A fisherman’s stringer of Kasilof River sockeye salmon caught in the personal-use dipnet fishery lies on the beach on Tuesday, July 31, 2018 in Kasilof, Alaska. (Photo by Elizabeth Earl/Peninsula Clarion)

A fisherman’s stringer of Kasilof River sockeye salmon caught in the personal-use dipnet fishery lies on the beach on Tuesday, July 31, 2018 in Kasilof, Alaska. (Photo by Elizabeth Earl/Peninsula Clarion)

Fish and Game increases Kasilof sockeye bag limit

With the Kasilof River sockeye run safely within the optimum escapement goal, the Alaska Department of Fish and Game will allow anglers to keep more fish.

An emergency order issued Friday increases the bag and possession limits for sockeye on the Kasilof River effective Saturday at 12:01 a.m. to six per day with 12 in possession.
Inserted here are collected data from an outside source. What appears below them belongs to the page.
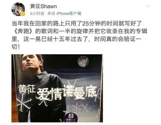 意思就是这首歌的四分之三都是黄征独立完成的,这个时候把《奔跑》牵扯出来,很多网友认为,他们三个是因为《奔跑》闹掰无疑了。
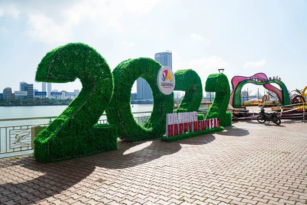 Chữ số 2022 được công nhân tạo hình từ những tiểu cảnh nhỏ, nổi bật tại khu vực cổng của đường hoa Đà Nẵng ở đường Bạch Đằng. Ảnh; BT.
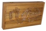 С внешней стороны на лицевой филенке вырезан Дракон. На оборотной филенке вырезана доска для игры в шашки.
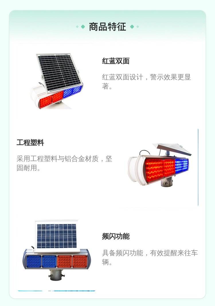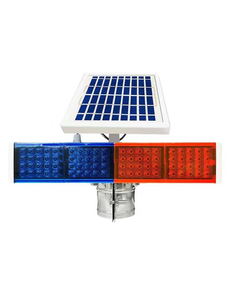 太阳能爆闪灯交通安全警示灯红蓝双面路障灯路口频闪灯
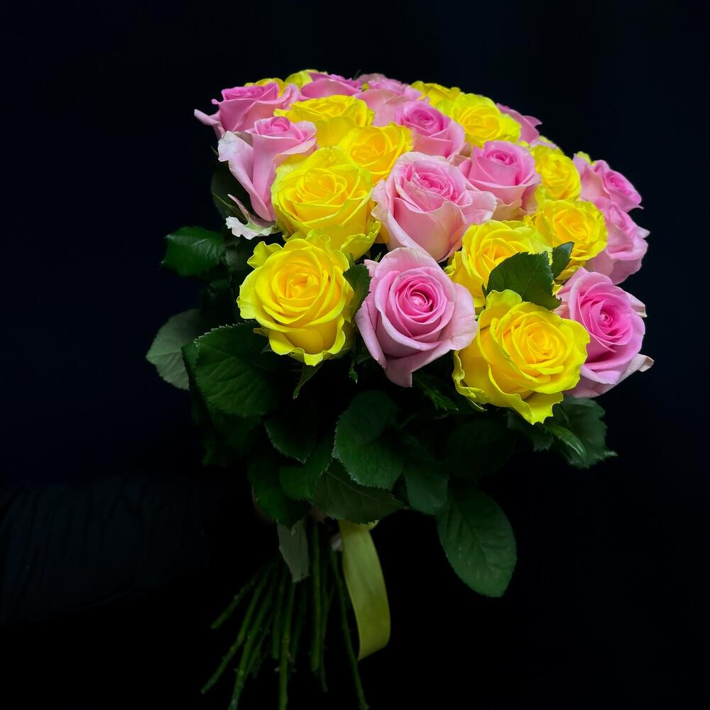 Розовая роза – 14 шт.Желтая роза – 16 шт.Лента атласная – 1 шт.
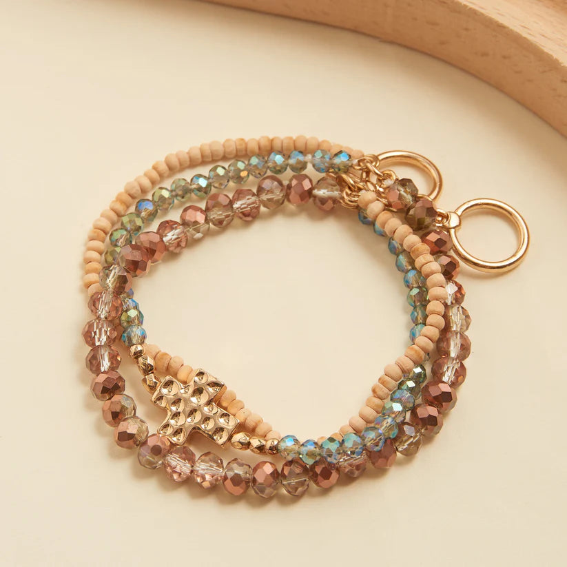 Love a layered look! Effortlessly whimsical, the Estee Multi Row Cross Toggle Bracelet features three strands of beaded perfection with sweet cross charm and classic toggle closure. Easy to wear, this bracelet adds color and interest to any look.
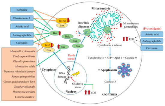 Schematic representation of natural agents’ role inducing apoptosis via increasing the level of pro-apoptotic Bax and decreasing the level of anti-apoptotic Bcl-2/Bcl-XL. Death stimuli due to damage in the DNA activates Bax. Activated Bax forms a homo/heterooligomer, whose pore-like structure channelizes the release of cytochrome c. The mitochondrial membrane permeability increases, which, in turn, allows increased cytochrome c release. Cytochrome c, ATP, Apaf-1, and caspase-9 form an apoptosome complex that further activates caspase-3 and leads to apoptosis. Possible natural mitocans flavokawain A, berberine downregulated the Bcl-XL and upregulated the Bax. On the other hand, asiatic acid and andrographolide decreased the expression of Bcl-2 and increased the expression of Bax and the ROS level. Crude extracts of Momordica charantia, Cordyceps militaris, Physalis peruviana, Memecylon edule, Trametes robiniophila murr, Panax quinquefolius, Cissus quadrangularis Linn, Zingiber officinale, Houttuynia cordata, and Centella asiatica increased the expression of Bax and decreased the expression of Bcl-2 proteins.
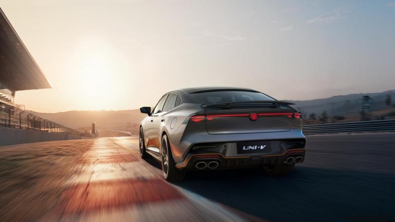 型格进化,驭风而行: 新车延续了UNI-V标志性的低趴轿跑姿态,风阻系数进一步降低至出色的0.27Cd。全系标配同级独有的智能电动掀背尾门和随速升降电动尾翼,兼具实用性与战斗气息。
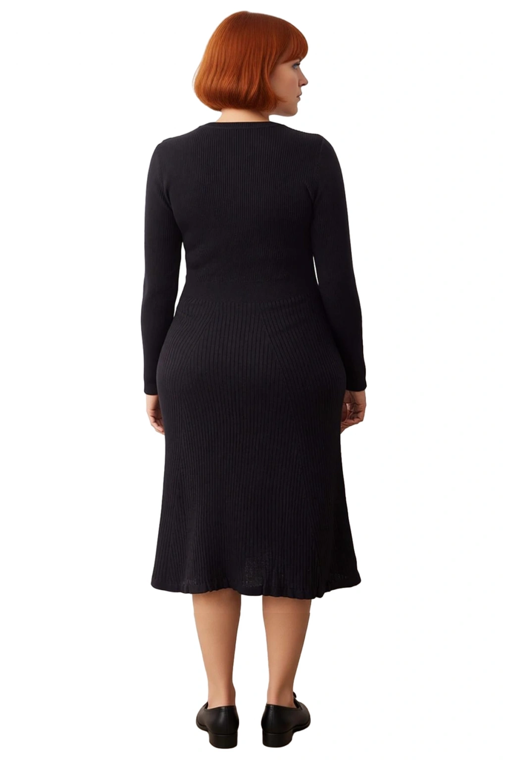 Bu şık triko elbise, özellikle sonbahar, kış ve ilkbahar aylarında gardırobunuzun yıldız parçası olacak. A-line kesimi sayesinde farklı vücut tiplerine kolayca uyum sağlar ve her zaman şık görünmenizi sağlar. Botlar, çizmeler veya topuklu ayakkabılar ile tamamlayarak casual bir gün geçirebilir, işe gidebilir ya da özel bir davette göz kamaştırabilirsiniz. Pratikliği ve zarafeti bir araya getiren bu elbise, her anınıza eşlik eder.
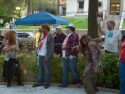 Sonora, CA– Traffic was slow through Sonora most of the day, first for Occupy Sonora then because of Zombies. 40 protesters were still lined up at Courthouse Park along North Washington chanting “End corporate greed!” with many other signs at 2:30pm. A few zombies were having make-up applied and beginning to collect at the park at that time as well. By 4:30pm there was a full park of zombies dancing to Michael Jackson’s “Thriller”.
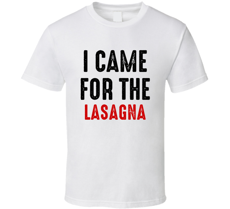 Order your very own I Came For Lasagna Food T Shirt. It won’t be around forever so buy yours here today! Shop our huge selection of high quality, graphic apparel. Each design is offered on a variety of sizes and styles including; t shirts, hoodies, aprons and even baby one-pieces! This product is pre-treated to ensure quality and longevity of the graphic.
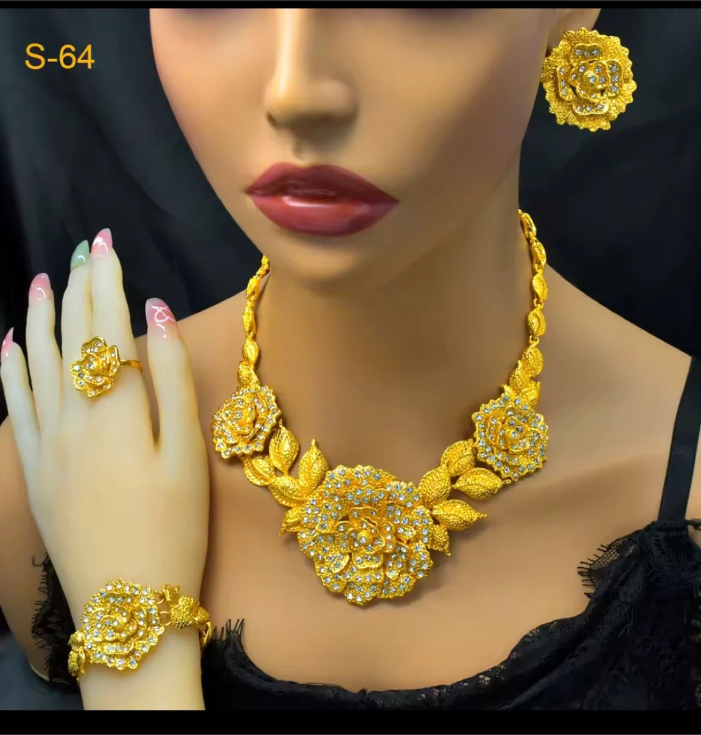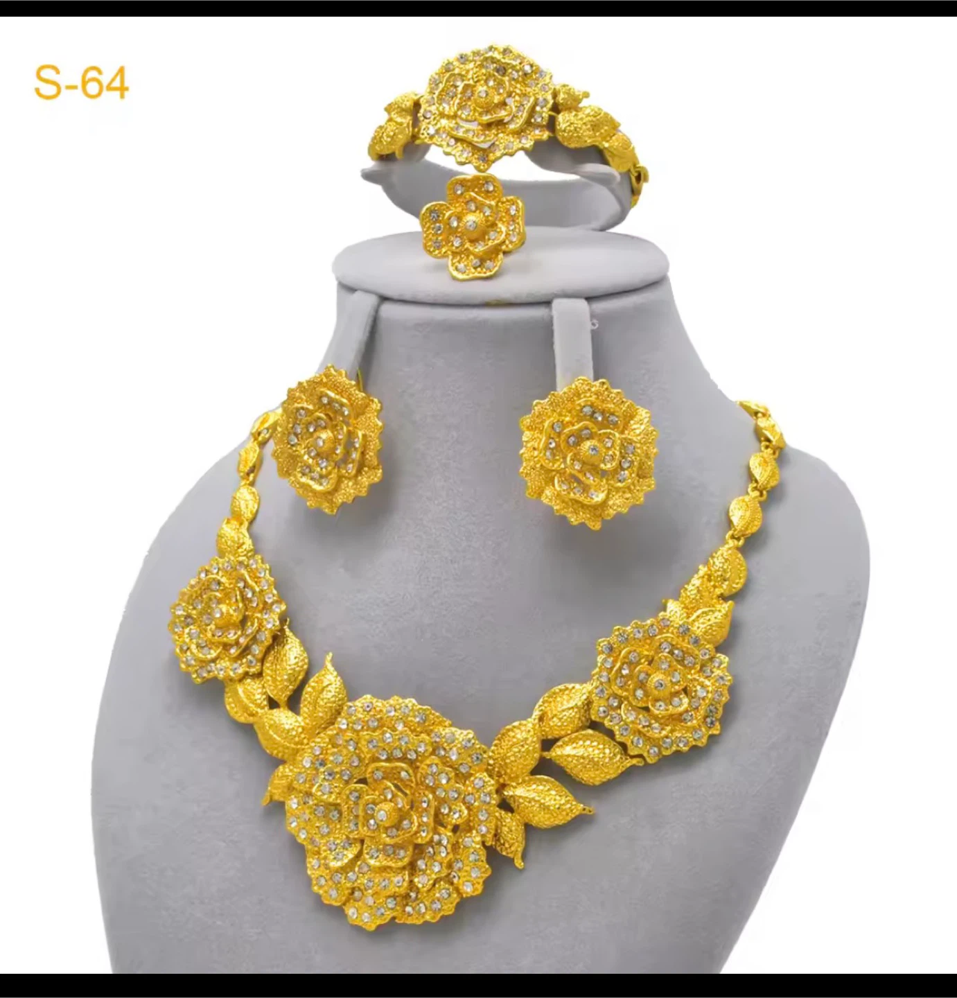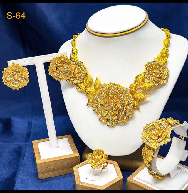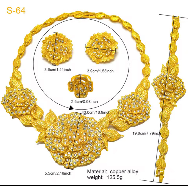 Dubai Jewellery set includes a necklace, earrings, ring, and bracelet, all plated in 24k gold and adorned with flower-shaped accents. This never used jewellery set is made from a zinc alloy and is designed in a cute and romantic style, perfect for weddings or special occasions. Key Features: * Plating: 24k Gold Plated * Material: Metal * Metals Type: Zinc Alloy * Style: Cute/Romantic * Shape/Pattern: Flower Looking for a touch of elegance? If the ad is up, it's available, ready to add some sparkle to your life!

That’s up from the usual three with six in possession, according to the 2018 sportfishing regulations.

The increase is linked to a simultaneous sockeye salmon closure on the Kenai River, which was announced Wednesday to take effect 12:01 a.m. Saturday. The same concern led Fish and Game to close the personal-use dipnet fishery on the Kenai two days early. While the Kenai River’s sockeye run has been poorer than expected, the Kasilof River sockeye run has been strong enough to meet the escapement goal and provide surplus fish for harvest.

“The poor sockeye salmon return to the Kenai River this year has impacted a lot of people,” said Cook Inlet Management Coordinator Matt Miller in the Friday announcement. “However, there is still an opportunity for anglers to get out and fish for sockeye salmon on the Kasilof River.”

The announcement reminds anglers that only two salmon per day and two in possession can be coho salmon.

As of Thursday, 316,492 sockeye had passed the sonar on the Kasilof River. The optimum escapement goal on that river is between 160,000–390,000 sockeye.

The Kasilof River dipnet fishery will be open until Aug. 7.